▸ **Material for this exercise**:
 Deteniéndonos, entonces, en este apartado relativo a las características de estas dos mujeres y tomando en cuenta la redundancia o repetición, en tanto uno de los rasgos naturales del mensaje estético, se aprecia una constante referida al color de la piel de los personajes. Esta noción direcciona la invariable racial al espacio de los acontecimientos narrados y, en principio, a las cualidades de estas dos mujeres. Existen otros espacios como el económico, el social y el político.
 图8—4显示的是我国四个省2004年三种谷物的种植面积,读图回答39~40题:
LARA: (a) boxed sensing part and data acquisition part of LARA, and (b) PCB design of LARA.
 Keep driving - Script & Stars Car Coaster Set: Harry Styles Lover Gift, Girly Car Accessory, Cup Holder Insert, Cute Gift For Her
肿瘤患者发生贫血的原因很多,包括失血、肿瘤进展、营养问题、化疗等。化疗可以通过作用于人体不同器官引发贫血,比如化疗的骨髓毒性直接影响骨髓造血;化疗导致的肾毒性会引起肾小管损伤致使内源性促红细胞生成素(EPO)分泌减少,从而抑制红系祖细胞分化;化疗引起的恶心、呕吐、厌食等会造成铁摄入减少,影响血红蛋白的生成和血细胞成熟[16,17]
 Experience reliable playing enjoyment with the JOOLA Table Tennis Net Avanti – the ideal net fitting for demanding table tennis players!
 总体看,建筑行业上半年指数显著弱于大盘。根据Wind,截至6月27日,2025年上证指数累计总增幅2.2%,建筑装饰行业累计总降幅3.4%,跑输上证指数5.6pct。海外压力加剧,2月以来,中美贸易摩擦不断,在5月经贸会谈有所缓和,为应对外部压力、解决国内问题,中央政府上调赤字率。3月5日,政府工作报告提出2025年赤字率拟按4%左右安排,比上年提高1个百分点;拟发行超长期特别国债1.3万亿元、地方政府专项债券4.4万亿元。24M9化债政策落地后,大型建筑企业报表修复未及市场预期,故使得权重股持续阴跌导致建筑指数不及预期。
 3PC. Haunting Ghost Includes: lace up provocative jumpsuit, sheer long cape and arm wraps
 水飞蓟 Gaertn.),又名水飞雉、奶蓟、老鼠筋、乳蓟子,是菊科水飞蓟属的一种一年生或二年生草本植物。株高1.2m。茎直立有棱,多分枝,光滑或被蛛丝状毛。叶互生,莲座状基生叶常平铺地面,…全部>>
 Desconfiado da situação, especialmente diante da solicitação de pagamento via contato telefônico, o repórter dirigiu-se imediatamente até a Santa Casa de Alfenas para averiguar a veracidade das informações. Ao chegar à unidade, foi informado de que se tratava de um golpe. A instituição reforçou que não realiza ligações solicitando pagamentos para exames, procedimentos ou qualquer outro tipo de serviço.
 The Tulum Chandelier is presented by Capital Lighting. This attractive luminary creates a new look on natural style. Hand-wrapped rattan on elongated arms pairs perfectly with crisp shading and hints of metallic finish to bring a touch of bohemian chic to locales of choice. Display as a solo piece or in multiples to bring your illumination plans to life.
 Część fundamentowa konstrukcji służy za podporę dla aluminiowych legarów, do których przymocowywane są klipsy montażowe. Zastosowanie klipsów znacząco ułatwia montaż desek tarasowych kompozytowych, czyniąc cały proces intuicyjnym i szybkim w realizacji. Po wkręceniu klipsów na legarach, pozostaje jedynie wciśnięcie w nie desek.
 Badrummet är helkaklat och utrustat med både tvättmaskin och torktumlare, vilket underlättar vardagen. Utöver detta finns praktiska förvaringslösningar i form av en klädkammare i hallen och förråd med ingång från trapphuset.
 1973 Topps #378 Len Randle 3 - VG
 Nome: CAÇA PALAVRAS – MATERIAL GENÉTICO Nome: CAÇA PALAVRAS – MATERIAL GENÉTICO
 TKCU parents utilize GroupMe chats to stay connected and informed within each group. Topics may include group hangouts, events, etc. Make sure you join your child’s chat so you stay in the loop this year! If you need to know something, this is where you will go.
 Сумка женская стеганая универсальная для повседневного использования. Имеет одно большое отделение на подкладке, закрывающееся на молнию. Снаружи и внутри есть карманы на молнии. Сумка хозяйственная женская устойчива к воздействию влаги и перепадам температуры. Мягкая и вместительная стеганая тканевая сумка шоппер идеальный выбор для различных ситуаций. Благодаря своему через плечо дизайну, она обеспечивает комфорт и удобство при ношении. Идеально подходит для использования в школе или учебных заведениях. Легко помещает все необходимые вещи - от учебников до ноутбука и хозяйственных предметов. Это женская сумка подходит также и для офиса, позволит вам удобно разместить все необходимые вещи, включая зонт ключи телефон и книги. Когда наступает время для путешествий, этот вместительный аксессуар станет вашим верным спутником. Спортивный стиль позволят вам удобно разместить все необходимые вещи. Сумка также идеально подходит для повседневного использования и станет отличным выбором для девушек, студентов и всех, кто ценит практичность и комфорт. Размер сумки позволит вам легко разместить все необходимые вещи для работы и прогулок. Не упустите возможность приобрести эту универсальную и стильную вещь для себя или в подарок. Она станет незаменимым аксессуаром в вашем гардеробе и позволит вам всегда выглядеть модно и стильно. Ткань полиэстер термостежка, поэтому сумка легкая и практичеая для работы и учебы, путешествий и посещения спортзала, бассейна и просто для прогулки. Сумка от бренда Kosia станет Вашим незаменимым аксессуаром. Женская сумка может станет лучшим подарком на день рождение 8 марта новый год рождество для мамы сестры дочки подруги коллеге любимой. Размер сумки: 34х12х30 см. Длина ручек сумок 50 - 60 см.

▸ **Requirement**: Taking the entries above, restate exactly those lines that fall between the line with "Nome: CAÇA PALAVRAS – MATERIAL GENÉTICO Nome: CAÇA" and the line with "TKCU parents utilize", keeping both of those lines too.

▸ **Response to the task**:
 Nome: CAÇA PALAVRAS – MATERIAL GENÉTICO Nome: CAÇA PALAVRAS – MATERIAL GENÉTICO
 TKCU parents utilize GroupMe chats to stay connected and informed within each group. Topics may include group hangouts, events, etc. Make sure you join your child’s chat so you stay in the loop this year! If you need to know something, this is where you will go.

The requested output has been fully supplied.